- _Prompt_
Please make an exact copy of the lines from the one holding "然后剪出嘴巴的布料,缝到小鸡头部。" through the end of the data, both ends included, with no pictures.

- _Data provided_
------------------------

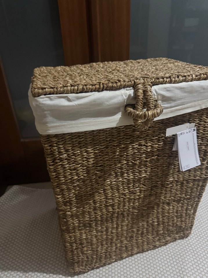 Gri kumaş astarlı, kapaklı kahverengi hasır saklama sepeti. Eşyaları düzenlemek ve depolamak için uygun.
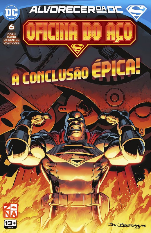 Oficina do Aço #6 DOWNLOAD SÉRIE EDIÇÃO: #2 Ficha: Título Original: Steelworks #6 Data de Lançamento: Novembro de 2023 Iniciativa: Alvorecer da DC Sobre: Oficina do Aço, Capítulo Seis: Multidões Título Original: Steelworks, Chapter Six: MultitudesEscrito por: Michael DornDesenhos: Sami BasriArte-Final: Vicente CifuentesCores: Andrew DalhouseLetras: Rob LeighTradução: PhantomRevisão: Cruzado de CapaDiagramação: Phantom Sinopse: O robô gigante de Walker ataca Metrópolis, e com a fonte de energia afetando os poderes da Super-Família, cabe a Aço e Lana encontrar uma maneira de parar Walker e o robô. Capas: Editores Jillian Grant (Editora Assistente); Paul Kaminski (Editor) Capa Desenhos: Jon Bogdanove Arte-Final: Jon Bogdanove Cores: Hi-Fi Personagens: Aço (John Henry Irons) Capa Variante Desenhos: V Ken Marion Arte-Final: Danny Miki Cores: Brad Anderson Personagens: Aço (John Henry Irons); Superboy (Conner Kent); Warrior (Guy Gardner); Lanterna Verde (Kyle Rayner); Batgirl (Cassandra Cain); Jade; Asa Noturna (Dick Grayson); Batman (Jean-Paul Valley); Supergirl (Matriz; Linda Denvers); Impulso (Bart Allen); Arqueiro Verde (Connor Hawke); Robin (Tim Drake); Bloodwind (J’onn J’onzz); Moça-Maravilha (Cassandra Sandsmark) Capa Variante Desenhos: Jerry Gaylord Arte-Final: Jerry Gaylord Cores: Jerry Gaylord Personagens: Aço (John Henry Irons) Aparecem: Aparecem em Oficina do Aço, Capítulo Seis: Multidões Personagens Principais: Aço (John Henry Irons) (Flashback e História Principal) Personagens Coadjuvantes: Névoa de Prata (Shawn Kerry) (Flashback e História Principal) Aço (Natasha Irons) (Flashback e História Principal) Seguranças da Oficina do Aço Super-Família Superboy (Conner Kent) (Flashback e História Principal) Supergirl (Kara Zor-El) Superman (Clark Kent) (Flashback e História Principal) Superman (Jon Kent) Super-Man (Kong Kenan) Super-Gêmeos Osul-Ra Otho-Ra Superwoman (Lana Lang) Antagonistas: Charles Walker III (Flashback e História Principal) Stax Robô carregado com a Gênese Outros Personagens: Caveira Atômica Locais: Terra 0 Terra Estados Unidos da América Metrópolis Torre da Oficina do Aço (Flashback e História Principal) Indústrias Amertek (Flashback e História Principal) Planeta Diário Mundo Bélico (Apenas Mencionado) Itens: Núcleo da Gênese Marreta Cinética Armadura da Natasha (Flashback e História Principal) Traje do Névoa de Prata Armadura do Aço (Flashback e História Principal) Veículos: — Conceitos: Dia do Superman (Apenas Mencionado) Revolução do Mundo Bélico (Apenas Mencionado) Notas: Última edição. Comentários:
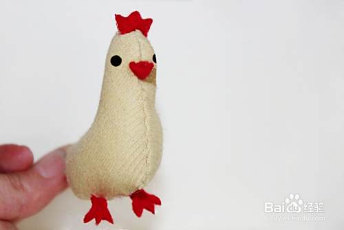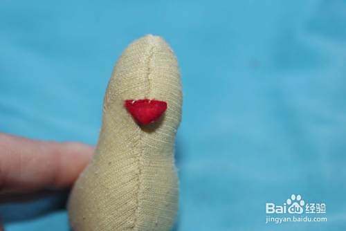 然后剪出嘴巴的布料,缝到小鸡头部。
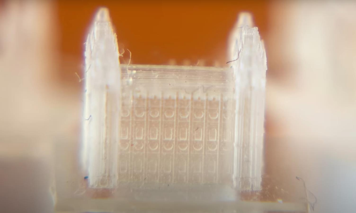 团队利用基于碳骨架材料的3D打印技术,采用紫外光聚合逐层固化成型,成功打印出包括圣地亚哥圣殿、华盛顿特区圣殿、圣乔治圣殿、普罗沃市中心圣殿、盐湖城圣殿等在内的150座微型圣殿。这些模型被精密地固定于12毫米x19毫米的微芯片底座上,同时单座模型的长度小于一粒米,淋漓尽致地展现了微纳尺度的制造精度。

------------------------

- _Answer to this task_
 然后剪出嘴巴的布料,缝到小鸡头部。
 团队利用基于碳骨架材料的3D打印技术,采用紫外光聚合逐层固化成型,成功打印出包括圣地亚哥圣殿、华盛顿特区圣殿、圣乔治圣殿、普罗沃市中心圣殿、盐湖城圣殿等在内的150座微型圣殿。这些模型被精密地固定于12毫米x19毫米的微芯片底座上,同时单座模型的长度小于一粒米,淋漓尽致地展现了微纳尺度的制造精度。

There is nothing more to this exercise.